Assignment: Type out each record word for word. Pictures stay out.

Material provided:
....................

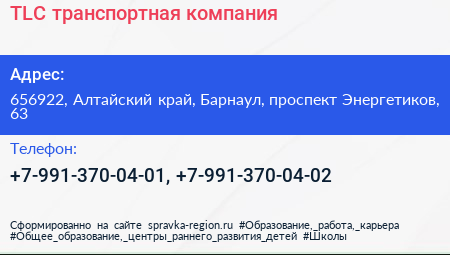 TLC, транспортная компания по адресу 656922, Алтайский край, Барнаул, проспект Энергетиков, 63 в дальнейшем Организация, размещена в следующих категориях:
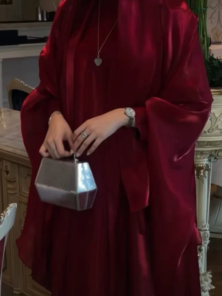Wrapped in the mystery of the night, Zahrah – Rang-e-Shab is crafted from rich organza that glows with a deep maroon sheen. Flowing gracefully with every step, this abaya embodies the elegance of midnight charm and the allure of timeless sophistication.
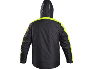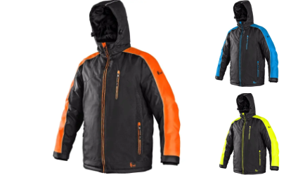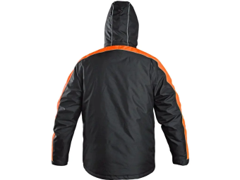 Vīriešu polsterēta jaka, ūdensizturīga un vēja necaurlaidīga, ar padušu ventilāciju, noņemamu kapuci, elastīgu iekšējo aproci piedurknēs, savelkamu apakšdaļu, līmētām vīlēm, atstarojošām svītrām. Krūšu kabata ar rāvējslēdzēju, 2 sānu kabatas ar rāvējslēdzēju, iekšējā kabata ar rāvējslēdzēju.
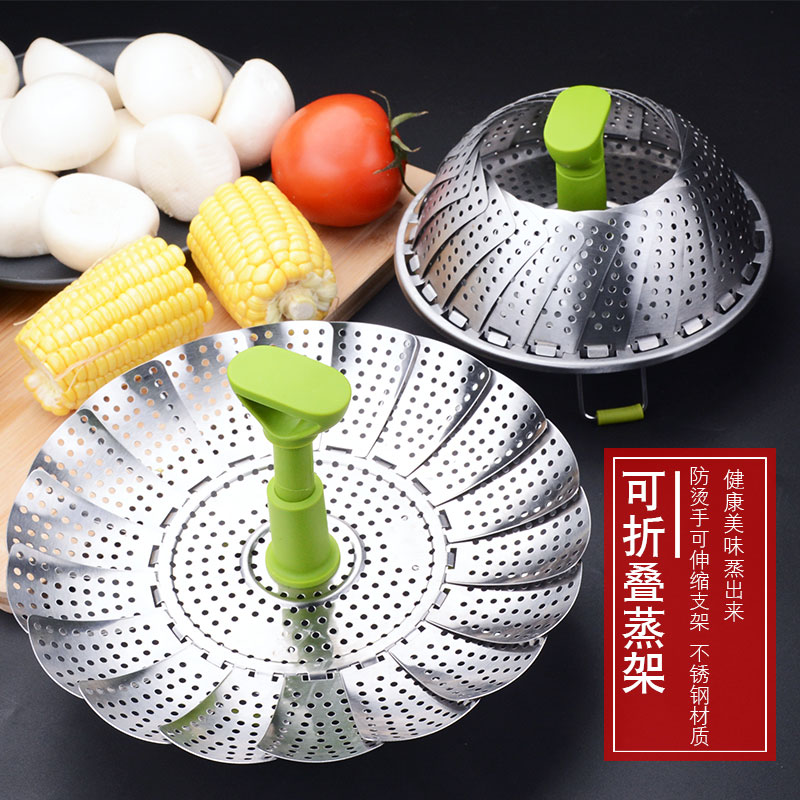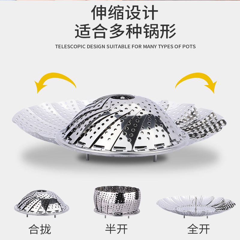 Stainless Steel Folding Steam Cage Frame Home Steam Shelf Creative Steam Cage Steamer Coop Telescopic Multifunction Thickened Steam Pan
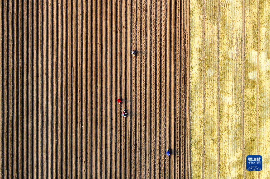 2月24日,山東省臨沂市平邑縣地方鎮東家莊村村民在田間勞作(無(wú)人機照片)。
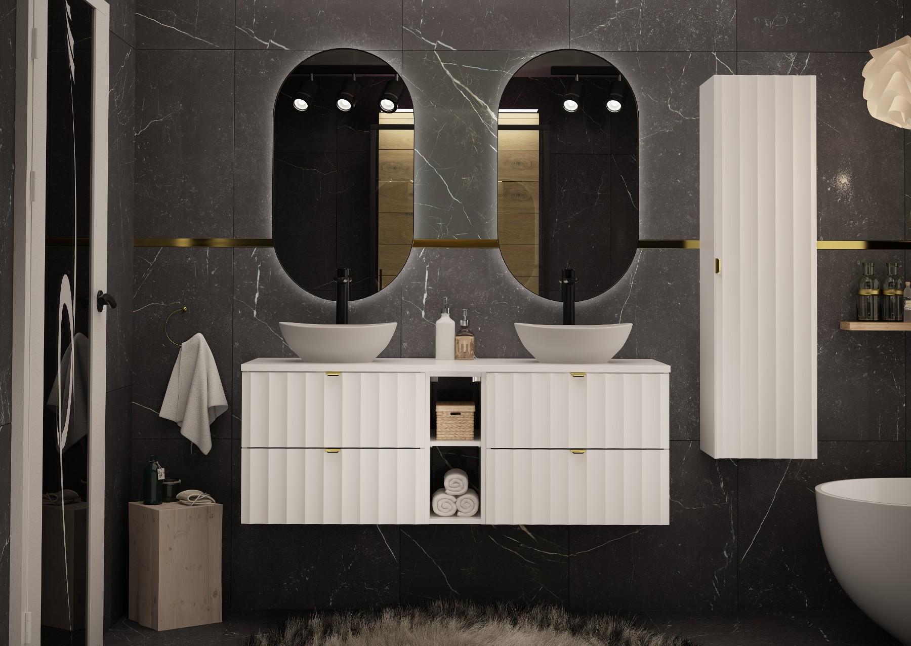 Die Kollektion besteht aus Waschtischunterschränken in den Größen 60 und 80 cm, einer hohen Säule, einem 20 cm hohen Regal und Arbeitsplatten. In Kombination mit den empfohlenen Möbeln oder Aufsatzwaschbecken und Spiegeln oder Spiegelschränken können wir so eine Vielzahl von Sets zusammenstellen, die sich an unterschiedliche Raumgrößen und -einrichtungen anpassen.

....................

Written solution:
 TLC, транспортная компания по адресу 656922, Алтайский край, Барнаул, проспект Энергетиков, 63 в дальнейшем Организация, размещена в следующих категориях:
Wrapped in the mystery of the night, Zahrah – Rang-e-Shab is crafted from rich organza that glows with a deep maroon sheen. Flowing gracefully with every step, this abaya embodies the elegance of midnight charm and the allure of timeless sophistication.
 Vīriešu polsterēta jaka, ūdensizturīga un vēja necaurlaidīga, ar padušu ventilāciju, noņemamu kapuci, elastīgu iekšējo aproci piedurknēs, savelkamu apakšdaļu, līmētām vīlēm, atstarojošām svītrām. Krūšu kabata ar rāvējslēdzēju, 2 sānu kabatas ar rāvējslēdzēju, iekšējā kabata ar rāvējslēdzēju.
 Stainless Steel Folding Steam Cage Frame Home Steam Shelf Creative Steam Cage Steamer Coop Telescopic Multifunction Thickened Steam Pan
 2月24日,山東省臨沂市平邑縣地方鎮東家莊村村民在田間勞作(無(wú)人機照片)。
 Die Kollektion besteht aus Waschtischunterschränken in den Größen 60 und 80 cm, einer hohen Säule, einem 20 cm hohen Regal und Arbeitsplatten. In Kombination mit den empfohlenen Möbeln oder Aufsatzwaschbecken und Spiegeln oder Spiegelschränken können wir so eine Vielzahl von Sets zusammenstellen, die sich an unterschiedliche Raumgrößen und -einrichtungen anpassen.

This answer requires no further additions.